Sprint will not gain iPhone 5 exclusivity.

I shouldn’t even have to explain this one. One of today’s rumors says that the iPhone 5 will initially be exclusive to Sprint, and that AT&T and Verizon will meanwhile be stuck with the 4S. Sprint, as compared to the likes of AT&T and Verizon, is a relatively minor carrier. Why would Apple commit suicide by placing the fate of the iPhone in Sprint’s hands and turning their back on their already enormous consumer base? They won’t. This is just Sprint coming out in the open about their wet dream, and nothing more. Apple would never ditch the two largest carriers in the US in favor of a smaller one.

The iPhone 4S will be the only iPhone announced tomorrow.

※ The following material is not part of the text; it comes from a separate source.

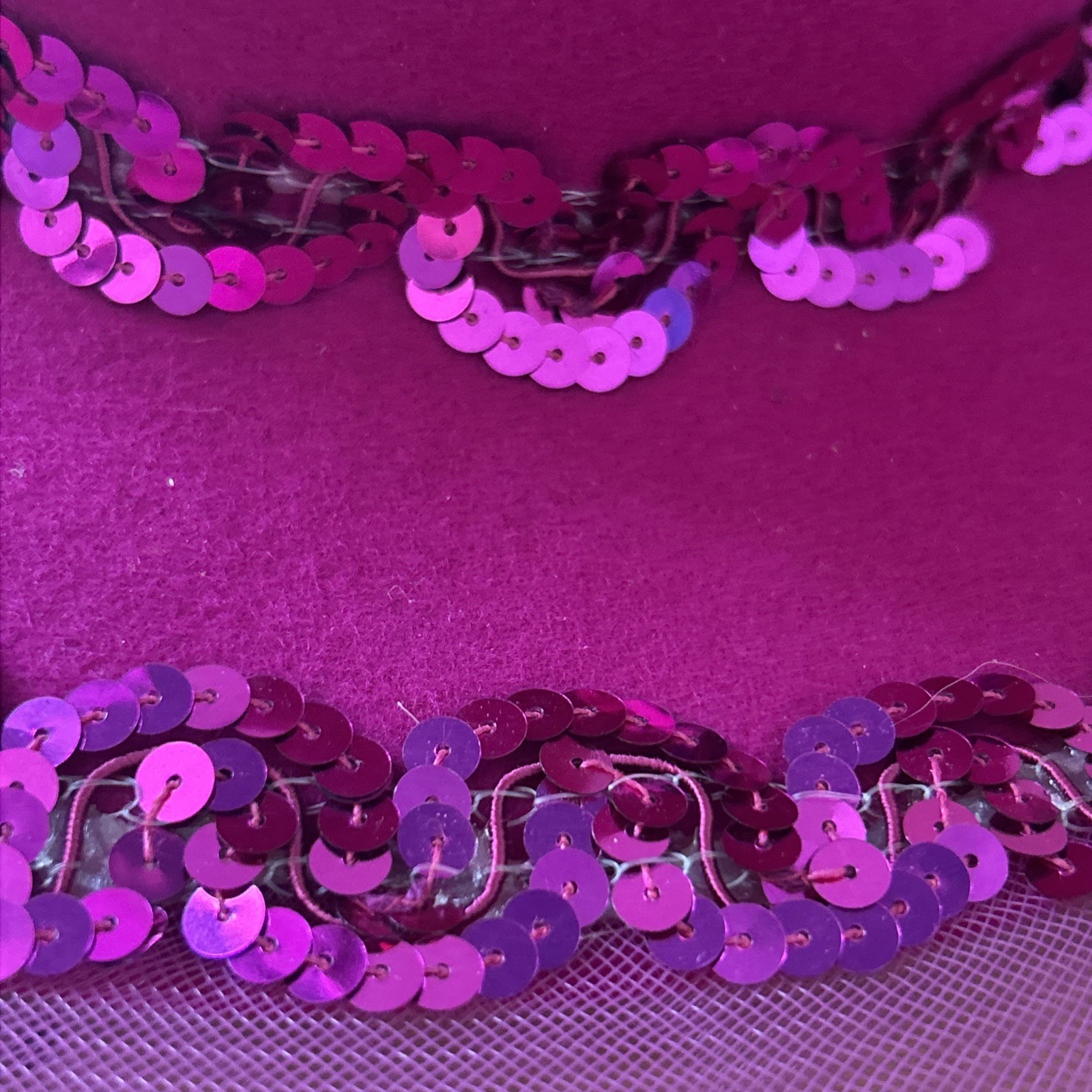 как выглядит Vtg Fashion Hat WPL 4384 Fucshia Wool Felt Mesh Bow Sequins Derby Church 57 cm фото

Perhaps the most pesky next-gen iPhone rumor is that the redesigned iPhone 5 will have a bigger screen. Two things:

A. The iPhone always has had, and always will have, a 3.5-inch screen. While up until 2010, there was nothing to ensure this, there is now the iPad. The primary difference between the iPad and the iPhone is screen size. Apple wants owners of iPhones to also purchase iPads. How do you make sure this happens? Keep the devices radically different. And since screen size is the only real difference, it will remain so. If Apple gave the “iPhone 5” a 4 or 4.5-inch screen, it would then become satisfactory for many of the iPad’s purposes (books, full-time web browsing, productivity, HD video). The iPhone 5 would then begin to cannibalize iPad sales. While I would still purchase a hypothetical upcoming iPad 3 after owning this hypothetical big-screen iPhone 5, I am not the average consumer. I’m an Apple geek. I blog about Apple, and code for Apple’s platforms. I need a large range of Apple devices to do these things well. If Apple makes it, I have to have it. The average consumer… not so much. They buy a device that meets their needs, and most likely won’t buy an overlapping device.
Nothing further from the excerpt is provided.